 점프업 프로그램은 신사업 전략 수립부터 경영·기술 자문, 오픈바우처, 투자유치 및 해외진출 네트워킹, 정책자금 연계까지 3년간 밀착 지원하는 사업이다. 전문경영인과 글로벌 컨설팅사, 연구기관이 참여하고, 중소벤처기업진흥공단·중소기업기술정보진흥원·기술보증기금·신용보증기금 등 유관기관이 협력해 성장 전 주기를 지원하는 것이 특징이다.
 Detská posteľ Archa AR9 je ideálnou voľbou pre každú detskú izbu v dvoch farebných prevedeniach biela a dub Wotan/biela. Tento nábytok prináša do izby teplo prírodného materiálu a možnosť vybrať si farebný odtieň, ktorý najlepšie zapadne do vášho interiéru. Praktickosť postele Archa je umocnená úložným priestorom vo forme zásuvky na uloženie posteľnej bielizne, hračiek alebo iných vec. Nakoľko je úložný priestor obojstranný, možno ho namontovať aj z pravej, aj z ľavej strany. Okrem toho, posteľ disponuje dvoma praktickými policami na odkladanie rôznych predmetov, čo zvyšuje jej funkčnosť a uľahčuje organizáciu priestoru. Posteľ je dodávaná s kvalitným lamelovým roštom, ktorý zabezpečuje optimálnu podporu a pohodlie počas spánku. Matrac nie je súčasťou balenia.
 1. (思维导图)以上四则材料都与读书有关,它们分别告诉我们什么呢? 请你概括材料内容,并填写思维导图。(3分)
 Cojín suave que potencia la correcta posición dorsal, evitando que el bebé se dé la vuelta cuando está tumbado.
* * *
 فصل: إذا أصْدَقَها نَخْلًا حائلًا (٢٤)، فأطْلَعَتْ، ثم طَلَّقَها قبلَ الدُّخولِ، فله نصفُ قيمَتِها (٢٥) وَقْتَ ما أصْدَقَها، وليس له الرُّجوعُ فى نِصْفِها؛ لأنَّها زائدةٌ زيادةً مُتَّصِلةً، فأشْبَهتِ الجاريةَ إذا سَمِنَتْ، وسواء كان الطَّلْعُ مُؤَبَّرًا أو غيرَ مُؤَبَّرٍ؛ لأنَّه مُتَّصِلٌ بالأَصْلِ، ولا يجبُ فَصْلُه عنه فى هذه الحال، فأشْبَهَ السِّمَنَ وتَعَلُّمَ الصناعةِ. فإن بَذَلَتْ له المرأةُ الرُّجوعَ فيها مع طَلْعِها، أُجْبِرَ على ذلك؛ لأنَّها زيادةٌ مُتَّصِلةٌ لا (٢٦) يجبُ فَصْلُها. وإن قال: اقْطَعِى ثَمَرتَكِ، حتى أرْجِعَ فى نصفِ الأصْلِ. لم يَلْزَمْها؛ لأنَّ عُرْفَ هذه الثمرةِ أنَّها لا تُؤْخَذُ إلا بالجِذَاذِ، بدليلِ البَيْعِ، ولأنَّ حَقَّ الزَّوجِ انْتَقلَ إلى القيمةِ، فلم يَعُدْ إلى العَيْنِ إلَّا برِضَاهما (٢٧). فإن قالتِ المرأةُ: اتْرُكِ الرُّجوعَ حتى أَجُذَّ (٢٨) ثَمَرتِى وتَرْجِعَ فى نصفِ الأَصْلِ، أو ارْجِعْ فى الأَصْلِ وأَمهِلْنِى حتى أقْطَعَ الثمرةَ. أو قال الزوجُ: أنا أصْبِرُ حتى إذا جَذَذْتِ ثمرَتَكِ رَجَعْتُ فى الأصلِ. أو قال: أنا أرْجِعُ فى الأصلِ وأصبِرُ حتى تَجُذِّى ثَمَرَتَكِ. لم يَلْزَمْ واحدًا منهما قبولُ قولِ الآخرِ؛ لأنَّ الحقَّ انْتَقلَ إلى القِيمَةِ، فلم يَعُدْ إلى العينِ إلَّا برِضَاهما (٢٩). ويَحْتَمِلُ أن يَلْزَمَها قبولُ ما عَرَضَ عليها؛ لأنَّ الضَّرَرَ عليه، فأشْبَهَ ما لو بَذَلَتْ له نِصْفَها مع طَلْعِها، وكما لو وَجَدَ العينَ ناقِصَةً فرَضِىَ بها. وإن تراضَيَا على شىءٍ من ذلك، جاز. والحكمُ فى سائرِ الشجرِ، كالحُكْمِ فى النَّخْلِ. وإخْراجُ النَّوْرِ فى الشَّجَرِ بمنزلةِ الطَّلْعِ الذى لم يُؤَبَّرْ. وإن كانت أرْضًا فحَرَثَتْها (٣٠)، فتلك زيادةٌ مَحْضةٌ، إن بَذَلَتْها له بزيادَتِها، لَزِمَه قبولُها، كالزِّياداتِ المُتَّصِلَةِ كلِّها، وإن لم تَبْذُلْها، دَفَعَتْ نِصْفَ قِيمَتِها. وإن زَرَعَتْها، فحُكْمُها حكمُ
* * *
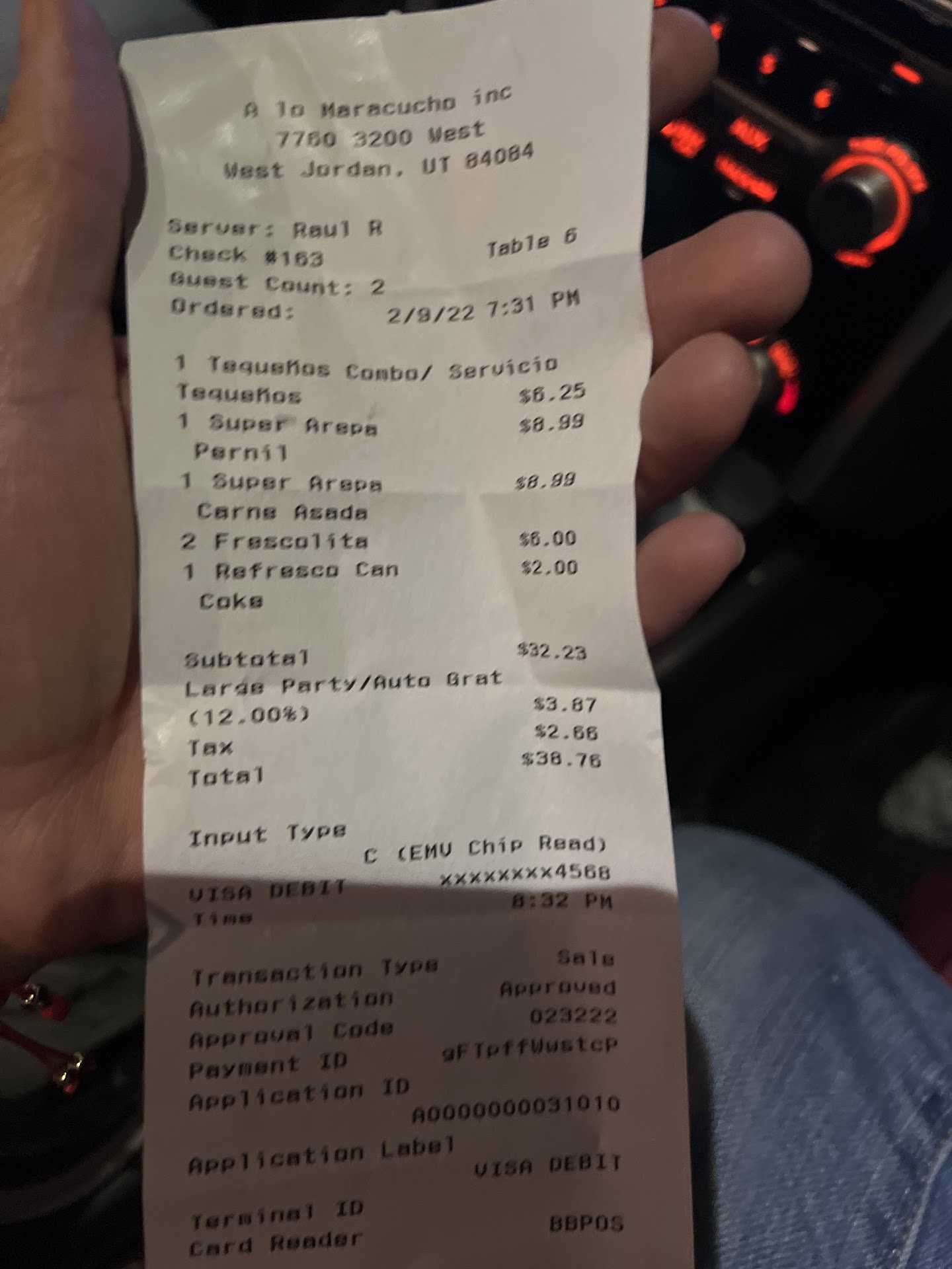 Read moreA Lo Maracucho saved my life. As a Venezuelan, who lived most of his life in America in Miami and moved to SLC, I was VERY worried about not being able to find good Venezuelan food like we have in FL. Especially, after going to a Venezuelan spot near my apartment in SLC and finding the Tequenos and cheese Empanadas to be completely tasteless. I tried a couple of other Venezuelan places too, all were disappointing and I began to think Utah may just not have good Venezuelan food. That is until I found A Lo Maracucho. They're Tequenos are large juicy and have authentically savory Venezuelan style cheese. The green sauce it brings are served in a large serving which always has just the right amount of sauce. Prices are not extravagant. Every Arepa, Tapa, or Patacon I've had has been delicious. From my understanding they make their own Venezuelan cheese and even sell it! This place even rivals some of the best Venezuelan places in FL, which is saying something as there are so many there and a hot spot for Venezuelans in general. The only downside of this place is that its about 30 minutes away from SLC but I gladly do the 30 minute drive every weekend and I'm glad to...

ACTIVITY:
Copy word for word the stretch of entries above from the line that has "점프업 프로그램은 신사업" through the line that has "Cojín suave que", both ends included, and nothing outside it.

EXERCISE SOLUTION:
 점프업 프로그램은 신사업 전략 수립부터 경영·기술 자문, 오픈바우처, 투자유치 및 해외진출 네트워킹, 정책자금 연계까지 3년간 밀착 지원하는 사업이다. 전문경영인과 글로벌 컨설팅사, 연구기관이 참여하고, 중소벤처기업진흥공단·중소기업기술정보진흥원·기술보증기금·신용보증기금 등 유관기관이 협력해 성장 전 주기를 지원하는 것이 특징이다.
 Detská posteľ Archa AR9 je ideálnou voľbou pre každú detskú izbu v dvoch farebných prevedeniach biela a dub Wotan/biela. Tento nábytok prináša do izby teplo prírodného materiálu a možnosť vybrať si farebný odtieň, ktorý najlepšie zapadne do vášho interiéru. Praktickosť postele Archa je umocnená úložným priestorom vo forme zásuvky na uloženie posteľnej bielizne, hračiek alebo iných vec. Nakoľko je úložný priestor obojstranný, možno ho namontovať aj z pravej, aj z ľavej strany. Okrem toho, posteľ disponuje dvoma praktickými policami na odkladanie rôznych predmetov, čo zvyšuje jej funkčnosť a uľahčuje organizáciu priestoru. Posteľ je dodávaná s kvalitným lamelovým roštom, ktorý zabezpečuje optimálnu podporu a pohodlie počas spánku. Matrac nie je súčasťou balenia.
 1. (思维导图)以上四则材料都与读书有关,它们分别告诉我们什么呢? 请你概括材料内容,并填写思维导图。(3分)
 Cojín suave que potencia la correcta posición dorsal, evitando que el bebé se dé la vuelta cuando está tumbado.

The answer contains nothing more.